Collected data
****************************************
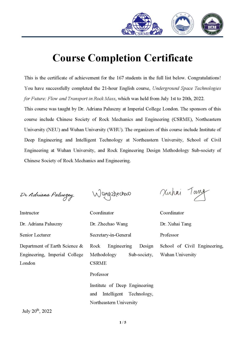 71-20日,金年会金字招牌诚信至上‍‍‍‍‍‍‍‍研究生王酒婷、金光辉、张霞、罗理民、张雅各、崔璨、李存、刘雨卉、马杨昊、田延冰等10名同学参加了“面向未来的地下空间技术:岩体中的流动与输运”国际高端课程,并取得结业证书。
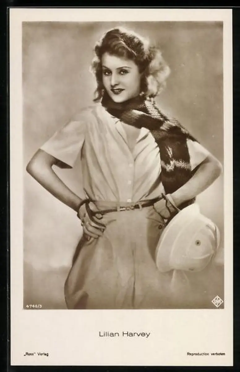 AK Schauspielerin Lilian Harvey in Tropenanzug mit Helm
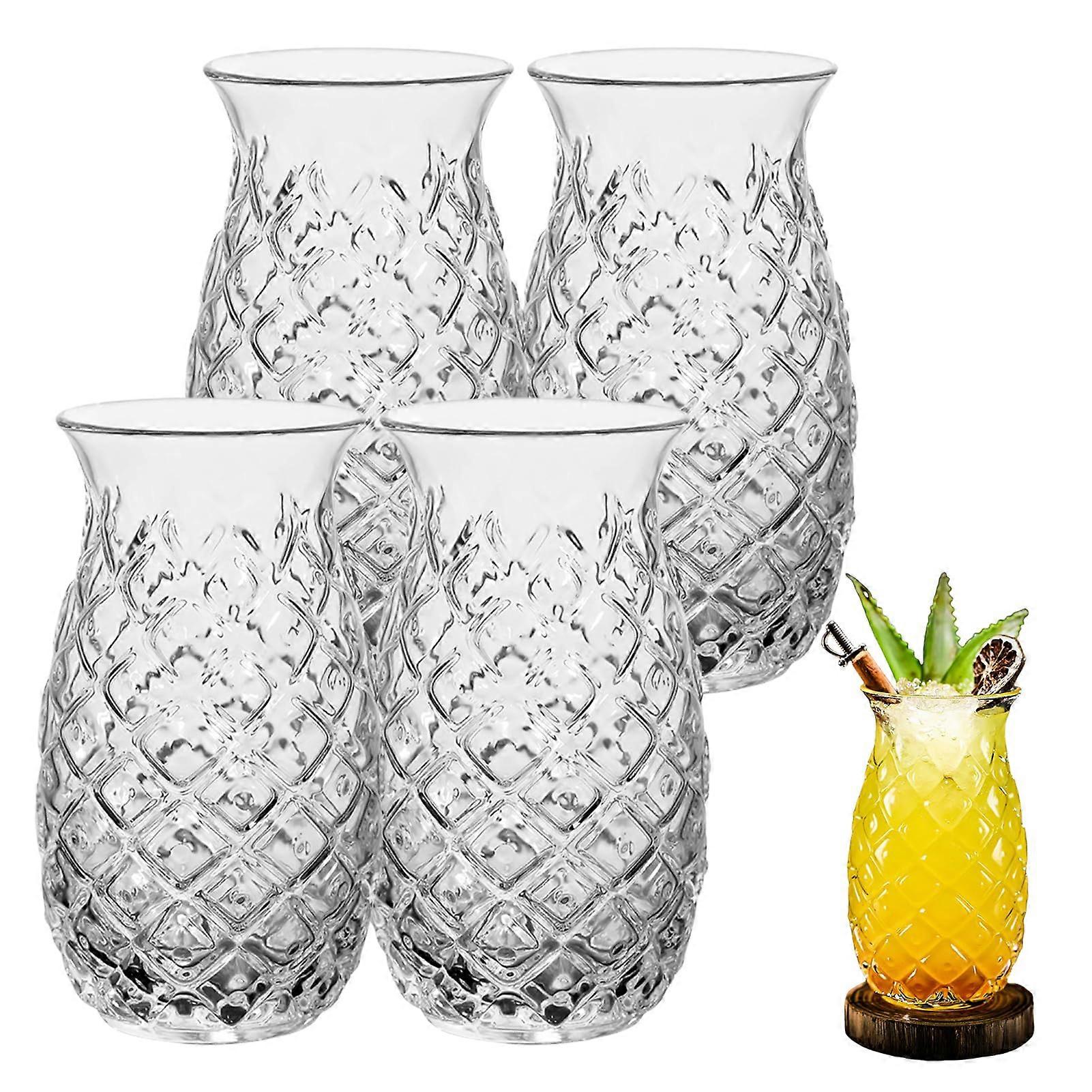 16 oz Pineapple Tiki Glasses Set with Elegant Pattern, Tropical Cocktail Glassware for Parties
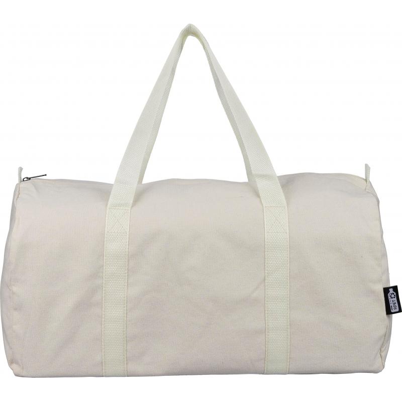 Reisetasche aus recyceltem Polycotton (330 g/m²) mit großem Reißverschlussfach oben. Mit langen Tragegriffen (100 cm lang, 3 cm breit) und passendem Gurtband. Fassungsvermögen ca. 30 Liter. Mit rPET-Etikett außen und Recycling-Etikett innen
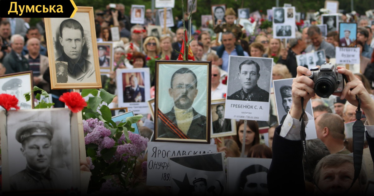 Сегодня на востоке страны «двое украинских военных погибли, четверо получили ранения». Так что, спасибо деду за мирное небо? Ценность той победы дискредитирована, её именем начата новая война, и не одна. «Бессмертный полк» банальная и подлая проимперская провокация. Игра на чувствах нормальных людей и вовлечение в процесс воинствующей неполноценности соцмаргиналов. Попробуйте выяснить какова родственная связь идущих с портретами и воинов на фото… оборжётесь. Фронтовые фотографии своих родных в одной типографии не заказывают и в урны не бросают.
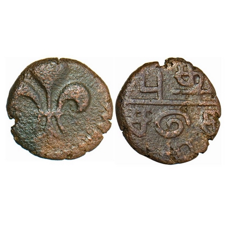 Indo French, Bronze Doudou, 3.46g, (1720-1835 AD), Obv: Fluer de lis, Rev: Tamil legend Pudutcheri. KM 35. About Very Fine, Scarce.
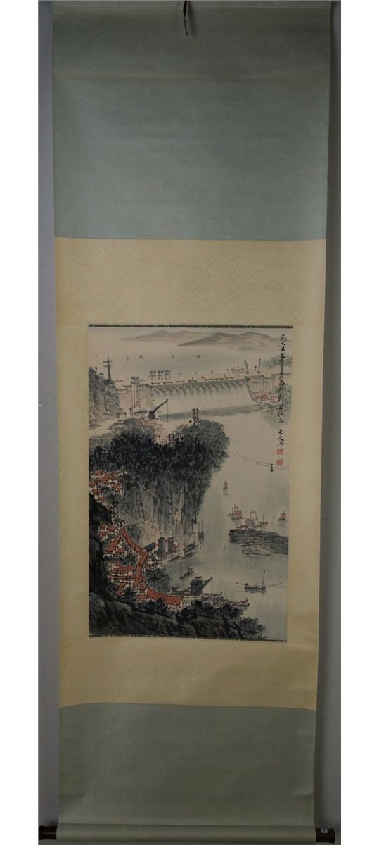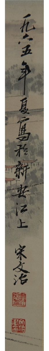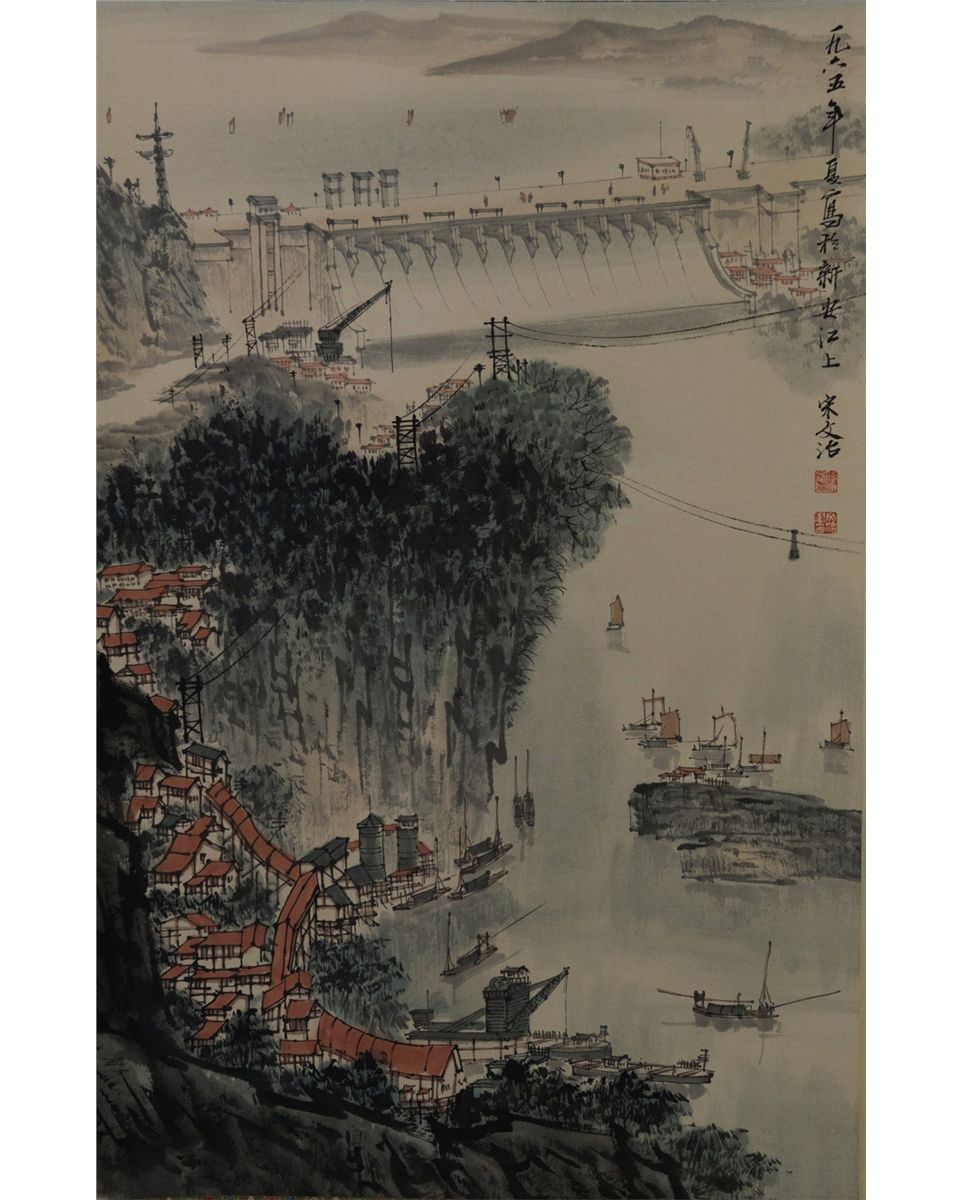 Modern village scene, hanging scroll, Chinese ink and watercolour on paper, signed Song Wenzhi (1919-1999) with two seals, dated 1968. 43 cm x 69 cm.
****************************************
▶ _Work instructions_: Return the complete data unchanged and include none of the pictures.

▶ _Task response_:
 71-20日,金年会金字招牌诚信至上‍‍‍‍‍‍‍‍研究生王酒婷、金光辉、张霞、罗理民、张雅各、崔璨、李存、刘雨卉、马杨昊、田延冰等10名同学参加了“面向未来的地下空间技术:岩体中的流动与输运”国际高端课程,并取得结业证书。
 AK Schauspielerin Lilian Harvey in Tropenanzug mit Helm
 16 oz Pineapple Tiki Glasses Set with Elegant Pattern, Tropical Cocktail Glassware for Parties
 Reisetasche aus recyceltem Polycotton (330 g/m²) mit großem Reißverschlussfach oben. Mit langen Tragegriffen (100 cm lang, 3 cm breit) und passendem Gurtband. Fassungsvermögen ca. 30 Liter. Mit rPET-Etikett außen und Recycling-Etikett innen
 Сегодня на востоке страны «двое украинских военных погибли, четверо получили ранения». Так что, спасибо деду за мирное небо? Ценность той победы дискредитирована, её именем начата новая война, и не одна. «Бессмертный полк» банальная и подлая проимперская провокация. Игра на чувствах нормальных людей и вовлечение в процесс воинствующей неполноценности соцмаргиналов. Попробуйте выяснить какова родственная связь идущих с портретами и воинов на фото… оборжётесь. Фронтовые фотографии своих родных в одной типографии не заказывают и в урны не бросают.
 Indo French, Bronze Doudou, 3.46g, (1720-1835 AD), Obv: Fluer de lis, Rev: Tamil legend Pudutcheri. KM 35. About Very Fine, Scarce.
 Modern village scene, hanging scroll, Chinese ink and watercolour on paper, signed Song Wenzhi (1919-1999) with two seals, dated 1968. 43 cm x 69 cm.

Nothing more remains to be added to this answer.